"The Wind Blew" is appropriate for students ages 4 to 8, or in grades pre-K through third. This poetic tale about the wind blowing through a community can be used for lessons and activities across the curriculum. Written and illustrated by Pat Hutchins, it is an excellent resource for a study of authors who illustrate their own work.
Lesson Plan Ideas
You can use this book as a basis for a lesson on the qualities and effects of wind while teaching a primary science weather unit. It can be used to teach a poetry lesson on rhyme. Art teachers can use the illustrations to teach a lesson on the art of children's picture books. The book is also useful for teaching math prediction skills. For a social studies unit, you might focus on how different types of weather affect different communities around the world.
To engage your students prior to reading this book, you can center brainstorming questions around your lesson. For example, to work on math prediction skills, have students predict what the wind will do in this tale. For science lessons, brainstorm everything students know about wind. If you are doing an author study, have students share what they know about Pat Hutchins.
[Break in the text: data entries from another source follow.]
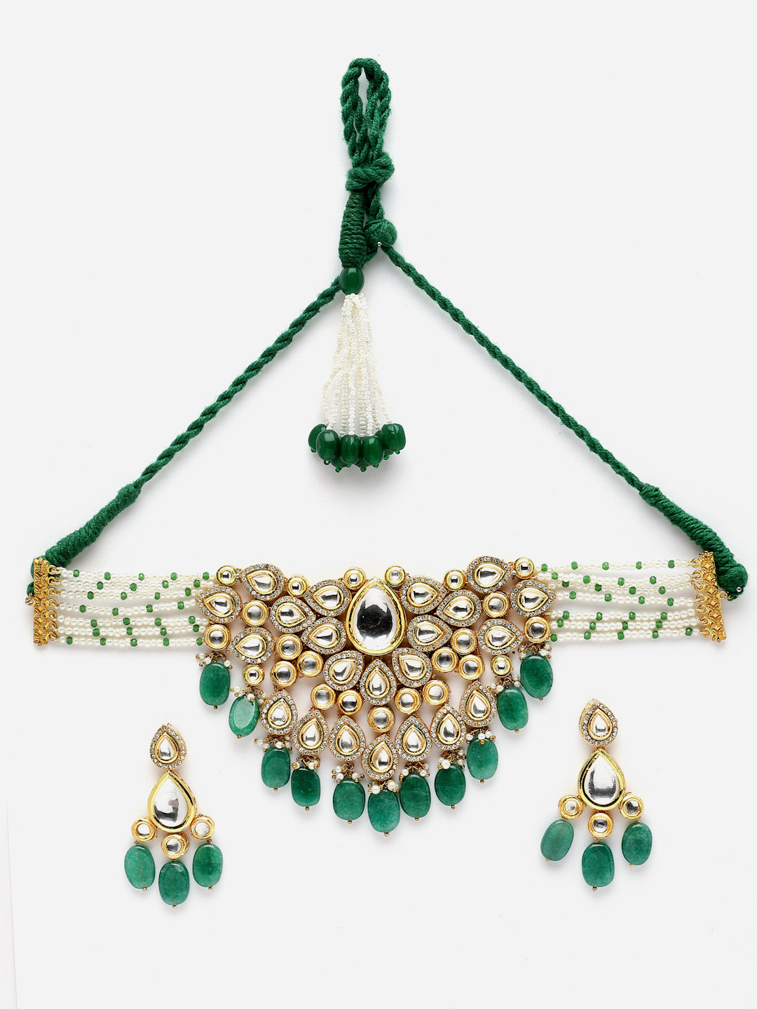 Kundan Neck Pc With Highlight Of Green Stone Drops And Pearls With Sabya Inspired Neck Pc; Category Of Jewellery Is Jewellery Set; Sub Category Is Necklace With Earring; Ideal For Women; Color Is Green, Gold, White; Gemstones Used - Kundan, Pearls, Natural Stones; Plating Is Gold-Plated; Base Metal Is Alloy; Other Material Used - Adjustable Dori; Size Is Freesize; Adjustable - Yes; Weight Is 200 Gms; Mesaurements - Length Of Earring= 7 Cm; Width Of Earring =2.9 Cm; Length Of Necklace =40 Cm; Width Of Necklace = 10 Cm; Adjustable - Yes; Content 1 Necklace And 1 Pair Earring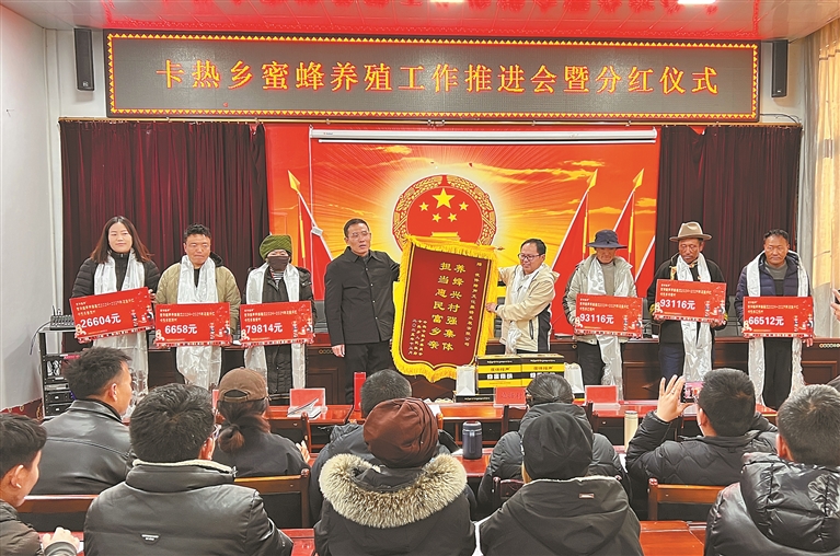 图为浪卡子县卡热乡举行养蜂产业收益分红仪式。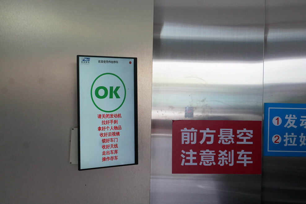 4月12日上午9時許,記者駕車來到花邊嶺智慧停車場體驗,將車頭對準車庫門后,不久車庫門便徐徐開啟,然后將車輛開進預定軌道即可,車庫內正前方還設置了一面落地鏡,以方便車主對照順利進入軌道內,按照指引操作,一般不會發(fā)生剮蹭等現(xiàn)象。車輛停好后,車頭左側顯示屏會自動提醒車主關閉發(fā)動機、拉好手剎、收好后視鏡等。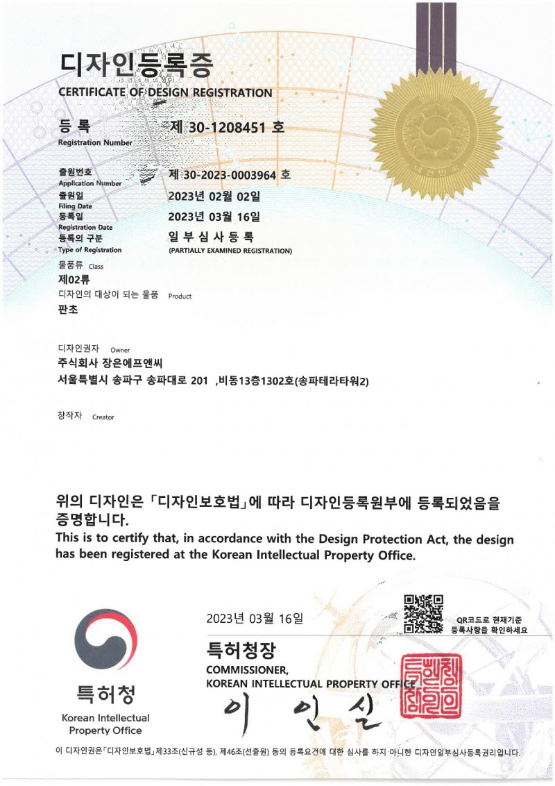 지적재산권 | 디자인등록증 제 30-1208451 호 페이지 정보 작성자 최고관리자 작성일24-04-03 15:16 조회681회 본문 디자인등록증 제 30-1208451 호 첨부파일 디자인등록증 제 30-1208451 호.pdf (188.1K) 4회 다운로드 이전글디자인등록증 제 30-1247329 호 24.04.03 다음글디자인등록증 제 30-1208446 호 24.04.03 목록

Art lessons can be initiated by viewing photos of the effects of wind or artworks that show the wind in action. Jump-start poetry lessons by creating a list of rhyming "wind"words.
Author/Illustrator Lesson Ideas
Not all authors illustrate their own work. Pat Hutchins does both in "The Wind Blew," so it works well in a study of authors who are also illustrators. Students can comb the library to find other books both written and illustrated by the same person. Discussions can be centered on the pros and cons of illustrating your own written work. Students can write and illustrate their own books and share them with friends and family at an an author and illustrator's tea. They can also donate their works to another class or the school library.
After reading the book, you can let students show what they know with extension activities. Students can write their own weather poems, write and illustrate a new weather-themed story, create wind-powered inventions for a science fair or explain how to keep the wind from blowing their belongings away. You can also have students discuss what they thought the book was going to be about before they read it, what they learned while they read it and what they want to know now.